A: Every now and then, you find a polynomial of higher degree that can be factored by inspection. In this case, there's a way to just "see" one step of the factorization:
$$2x^5-x^4+10x^3-5x^2+8x-4$$
Notice that the coefficients, when grouped in pairs, are all proportional: $2, -1$ are in the same ratio as $10,-5$ and also $8,-4$. That's uncommon, but it means you can "factor by grouping":
$$(2x^5-x^4)+(10x^3-5x^2)+(8x-4)$$
$$=x^4(2x-1)+5x^2(2x-1)+4(2x-1)$$
$$=(x^4+5x^2+4)(2x-1)$$
The first step is to take the gcf out of each group, and then, since the remaining parts match ($(2x-1)$), that can be factored out.
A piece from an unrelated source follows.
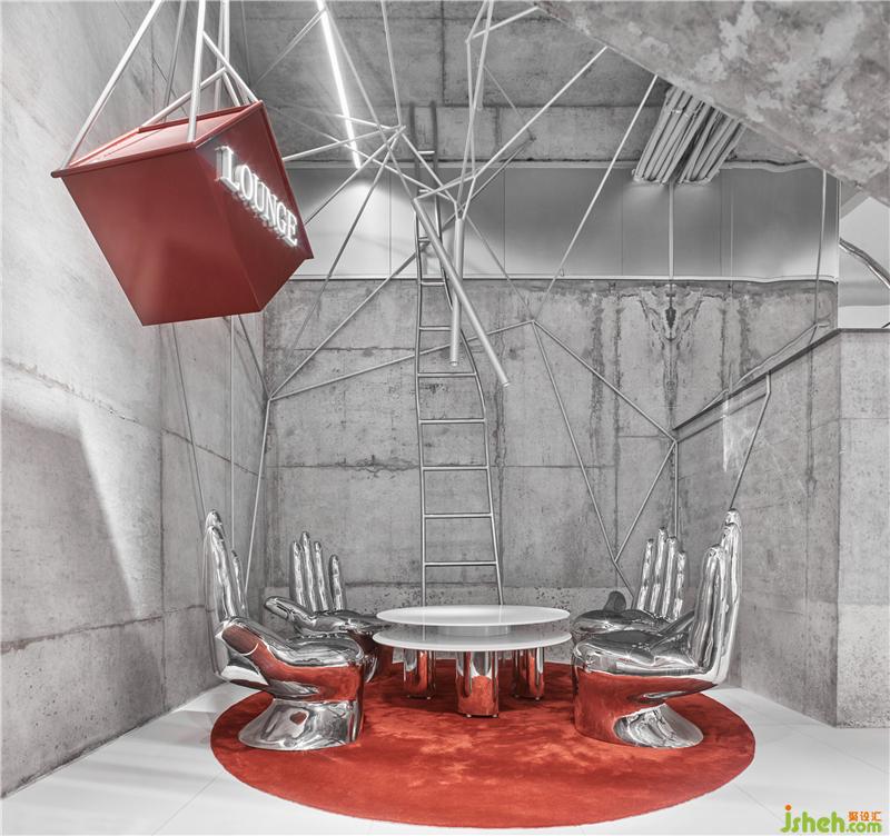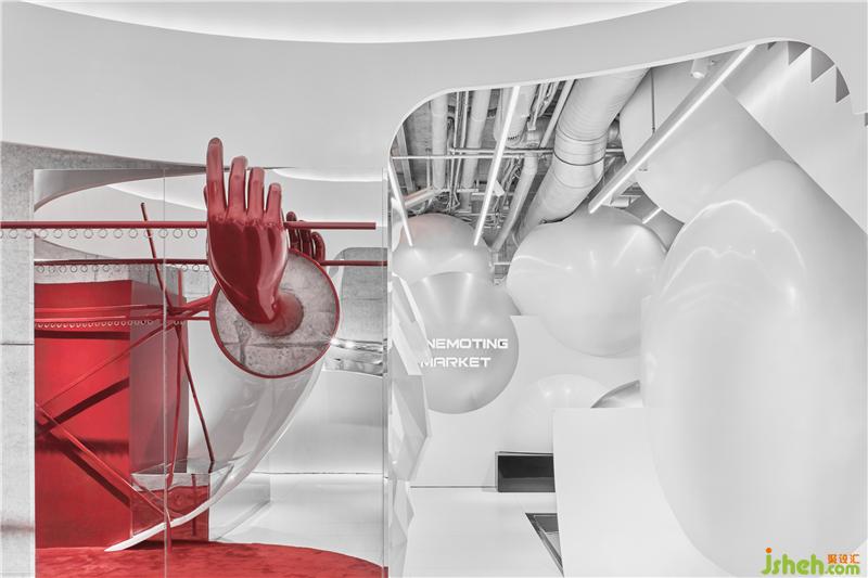 Conemoting market的空間敘述語言幾乎可以是放任的,寓言,幻覺,傷痛,童真,陷阱,曖昧,藥店,警告,科幻,撫慰,階梯,經典,劇情,可愛,黑白,紅色和欲望都被和諧地安置在一起,580平方米的空間是一個制造“線上人間”的劇場,在這里服裝高級地成為思想的表皮,咖啡可以是弄騷的道具,那么一樓的酒吧應該是通往魔界的火箭!

Now we're left with something that is quadratic in form, and can be factored further:
$$x^4+5x^2+4=(x^2+4)(x^2+1)$$

Now, in most cases, nice patterns like this do not occur. Then, you're left with the rational roots theorem. From the fact that our lead coefficient is $2$ and our constant term is $4$, we conclude that any linear factor will correspond to a zero of the form $\pm\frac{p}{q}$, where $p$ is a factor of $4$ and $q$ is a factor of $2$. That gives us a few options: $\pm 4, \pm 2, \pm 1, \pm \frac12$. Trying a few of these, we see that plugging in $x=\frac12$ actually produces a value of $0$. That tells us that $(x-\frac12)$ is a factor, or clearing denominators, $(2x-1)$. You can now factor this linear piece out by long division, and end up just where we were after factoring by grouping.
A: The question slightly wrong in my opinion. Please try multiplying the factors or the eqn. and lets see if you will get back the original question.
The correct equation is $P(x): 2x^5-x^4-10x^3+5x^2+8x-4$
Group and Factorize: $(2x^5-x^4) (-10x^3+5x^2) (8x-4) =0$
                 $x^4(2x-1)   -5x^2(2x-1)  4(2x-1)$

        Factor out $(2x-1)$ then we have $x^4-5x^2+4$

Our first factor of the equation is $(2x-1)$
This looks like a quadratic form but our first coefficient has 4th degree
look let's expand $x^4-5x^2+4$ and we have $(x^2-4)$ and $(x^2-1)$. $-4$ and $-1$ when added will be $-4-1 = -5$ and when multiply $-4x-1 = 4. x^2 x x^2 = x^4$
so its just splitting them and distributing them on $-4$ and $-1$ which are the product of the constant and sum of the middle term.
Now with $(x^2-4)$ and $(x^2-1)$ we can have $(x-2) (x+2)$ and $(x-1) (x+1)$.
so our final factors of the polynomial are $(2x-1) (x-2) (x+2) (x-1) (x+1)$
Therefore; the zeros of the polynomial are $1/2, 2, -2, 1, -1$.